Il y a des personnes bienveillantes ; c’est le cas de Nathalie Di-Méglio et Léa David, toutes deux docteurs en écologie marine, cétologie et ornithologie. Elles ont une passion commune pour les mammifères marins depuis leur enfance. Ce que vous allez lire est le témoignage de deux femmes scientifiques indépendantes qui se sont associées pour veiller sur les équilibres marins et sur les cétacés. Elles ont créé en 2004, eco-océan institut, un centre de recherche spécialisé dans la conservation des vertébrés marins en milieu naturel.

Christian Coste : environnement, écologie, conservation, protection, quels sens prennent ces mots pour vous ?

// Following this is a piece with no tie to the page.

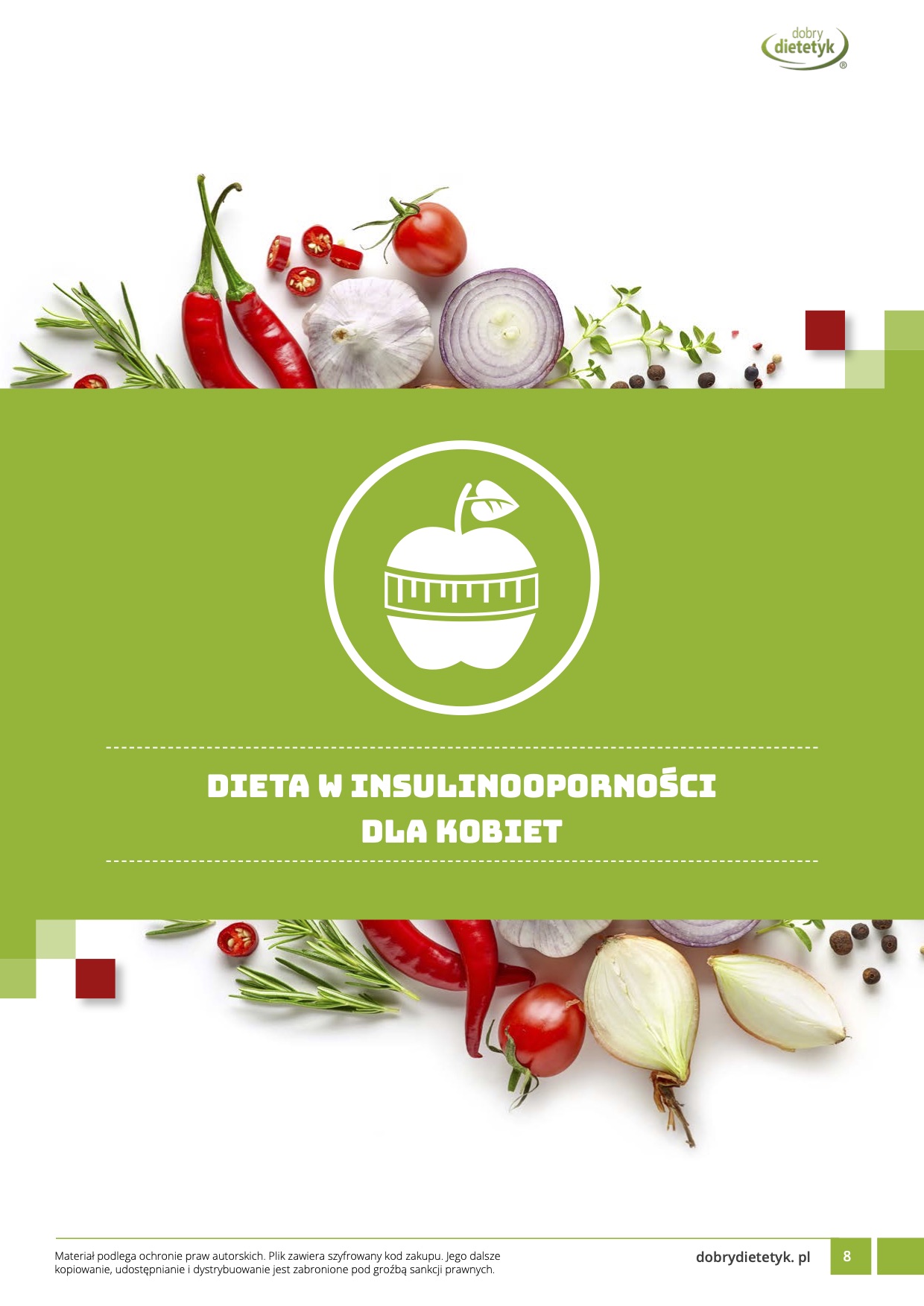 Kompleksowy program żywieniowy dla KOBIET z zaburzeniami gospodarki węglowodanowej, takimi jak: insulinooporność oraz hiperinsulinemia. Jadłospis na 30 dni został opracowany tak, by wspomagać redukcję masy ciała oraz regulację poziomu glukozy i insuliny we krwi. Dieta została skomponowana o zasady niskiego ładunku glikemicznego z ograniczeniem podaży cukrów prostych. Zwrócono także uwagę na zawartość najważniejszych przy zaburzeniach gospodarki węglowodanów składników, takich jak: witaminy z grupy B, magnez, kwasy tłuszczowe omega-3 oraz błonnik pokarmowy. Zachowane zostały odpowiednie dla zachowania zdrowia proporcje kwasów tłuszczowych. Dieta sprawdzi się także idealnie u kobiet, u których stwierdzono hipoglikemię reaktywną lub stan przedcukrzycowy.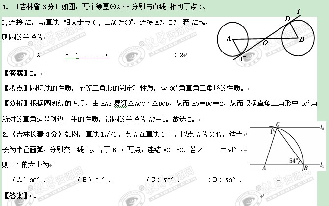 辽宁吉林黑龙江3省2011年中考数学专题11:圆

Nathalie Di-Méglio : « En mer méditerrané, le trafic maritime augmente, plaisance, transports commerciaux. En surface, les impacts sont invisibles, mais les fonds marins sont impactés par la surpêche et la pollution. Une anecdote. Dans les années 90, je participais à une mission sur un bateau de l’IFREMER, et je vois une bouteille pastique, puis deux, puis trois, flotter à proximité de la coque. C’était le cuisinier qui jetait les bouteilles avec leur bouchon bien vissé et qui m’a dît : « mais ne t’en fais pas, ça va arriver à la plage, après on le nettoiera ». Maintenant quand quelqu’un jette une bouteille en plastique à la mer, il a conscience qu’il fait mal et il veut le faire.  Aujourd’hui dans notre société, beaucoup de gens, même les jeunes, ne se respectent pas. Ils ne savent plus se respecter sinon, ils ne feraient pas tout ce qu’ils font.

« Ne pas mettre au sommet les intérêts humains et économiques, ne pas faire d’anthropocentrisme. »

L’environnement, ça veut dire ce qui est autour, or, les humains font partie de la nature, « on » est un tout et tant que l’on ne tiendra pas compte de ça on ne fera pas quelque chose de correct. Penser toujours aux intérêts des humains en pensant que la nature, la planète doit se plier à ça, il y a un déséquilibre. Je ne suis pas une militante écologiste qui dît, « Oh l’homme tout ce qu’il fait est mauvais », mais je pense qu’il faut penser global et ne pas mettre au sommet les intérêts humains et économiques. Ne pas faire d’anthropocentrisme. Et j’ajoute que l’on ne peut pas faire sans le respect de l’autre et de soi, et l’autre sous toutes ses formes, pas seulement humain. J’ai un dicton qui me suit depuis toujours : ne fais pas aux autres ce que tu ne voudrais pas que l’on te fasse.

« Les cétacés, ça se mérite »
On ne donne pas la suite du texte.